El dominio que el hechicero tiene de la realidad es absoluto. Su control es tan poderoso que siempre puede doblegar la realidad del modo más conveniente para el servicio de su arte. Pero nunca olvida qué era o es la realidad.
Pág.242
Con aquellas historias doña Mercedes se proponía mostrarme que las brujas, aunque personas corrientes, son capaces de utilizar fuerzas xtraordinarias que existen en el universo para alterar el devenir de los acontecimientos, el curso de sus vidas o las vidas de otras personas. Ella calificaba de "rueda de la fortuna" al devenir de los acontecimientos y de "sombra de la bruja" al proceso que la afecta.
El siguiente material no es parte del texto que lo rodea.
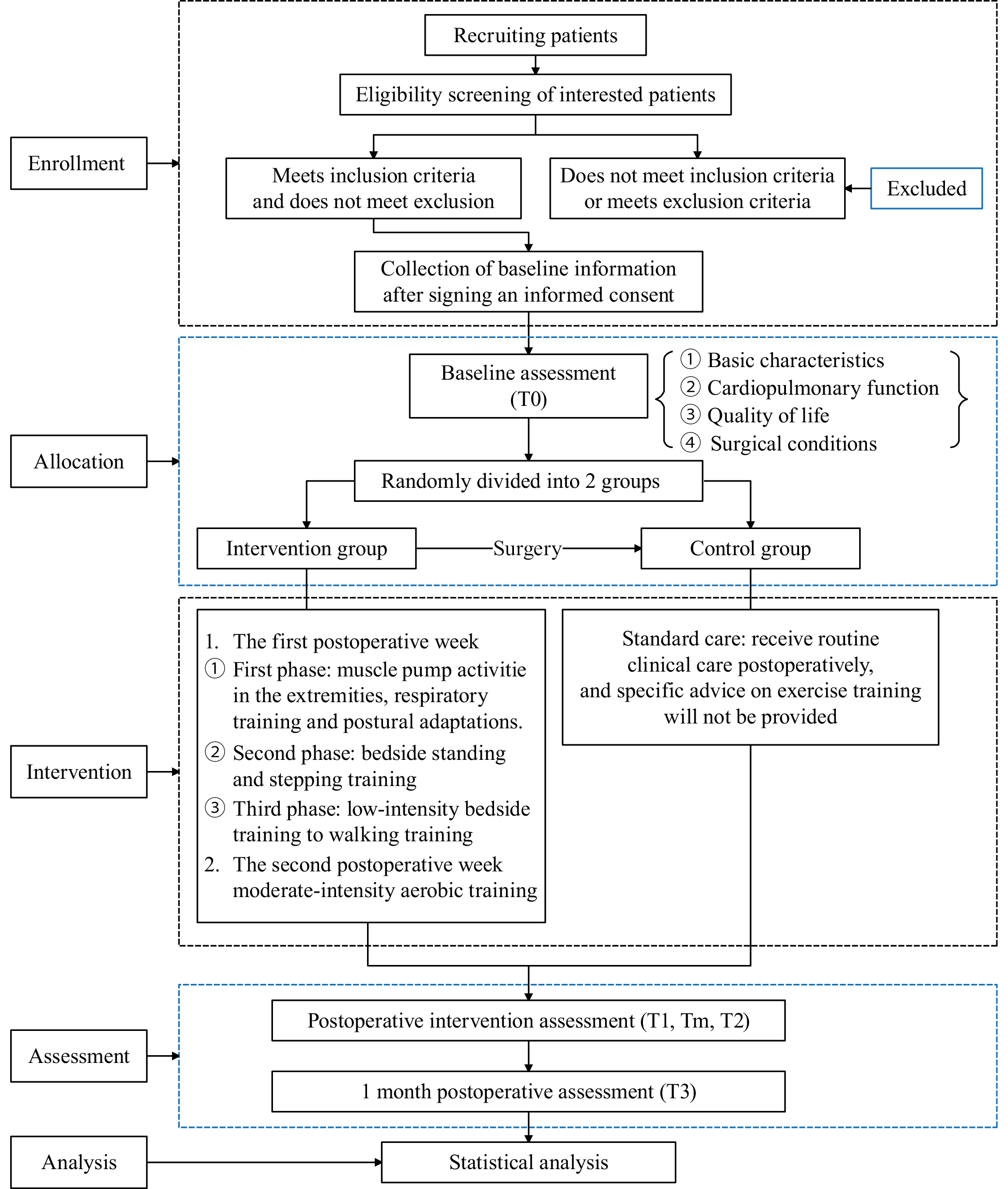 The results of the 6MWT at T1 will inform the development of moderate-intensity aerobic training to be implemented during the 2nd postoperative week (T2). Table 2 displays specific recommendations for aerobic activities. Vital signs and patient complaints will be monitored during one-on-one exercises; however, if patients are unable to remain upright or report feeling fatigued, the activity will be terminated immediately. Based on the results of the 6MWT at T1, moderate-intensity aerobic training will be continued into T2. The time interval from illness to intermittent participation will be noted on the case report form (CRF) and illustrated during data interpretation, allowing participants to resume exercise intermittently if they have to stop for 1 or 2 days due to illness.

Según ella, se podía alterar cualquier cosa sin entremeterse directamente en su curso, y a veces, incluso sin saber que lo estábamos haciendo.
Para los occidentales ésta es una propuesta inimaginable. Si descubrimos que estamos interviniendo en el curso de los acontecimientos sin entremeternos directamente en ellos, consideramos como explicación más plausible que es un caos de coincidencia porque creemos que la intervención directa es el único modo de alterar las cosas. Por ejemplo, los hombres de la historia intervienen en los acontecimientos con decisiones sociales complejas. O, en un ámbito más reducido, las personas intervienen directamente mediante sus acciones en las existencias ajenas.
En contraposición, las historias escogidas por doña Mercedes nos hacen comprender algo con lo que no estamos familiarizados: señalan la incomprensible posibilidad de que sin una intervención directa podamos influir más positivamente de lo que creemos que configura el curso de los acontecimientos.
En conjunto Florinda quedó satisfecha del resultado de mi viaje a Venezuela. Dijo que ella deseaba que consiguiera un conocimiento privilegiado y directo de mis recursos ocultos. Imaginaba que yo debía funcionar de modo efectivo en un entorno desconocido y que tenía que aprender a adaptarme rápidamente a situaciones que se apartaran de los límites de lo que conocía, aceptaba y podía predecir. Florinda sostenía que nada resultaría más apropiado para poner de relieve esos recursos ocultos que enfrentarme con lo socialmente desconocido. Mi vida en casa de doña Mercedes y mi interacción con sus pacientes y amigos era lo desconocido socialmente.
Admití que las advertencias de Florinda sobre la filosofía de la mujer guerrero, que en su día me resultaron completamente incomprensibles, se había convertido en la base de todos mis actos mientras permanecí con doña Mercedes.
-Hay muchos modos de comportarse cuando uno se encuentra en un escenario normal - comentó Florinda-, pero cuando uno está solo, en peligro o en la oscuridad sólo existe un sistema: el camino del guerrero.
Florinda añadió que yo había descubierto el valor del camino del guerrero y el significado de todas sus premisas. Bajo el impacto de una situación vital que no me era familiar, había comprendido que el sometimiento significaba libertad, que no sentirse importante engendra una rebeldía indómita y que vencer juicios morales comporta una humildad serena que nada tiene que ver con el servilismo.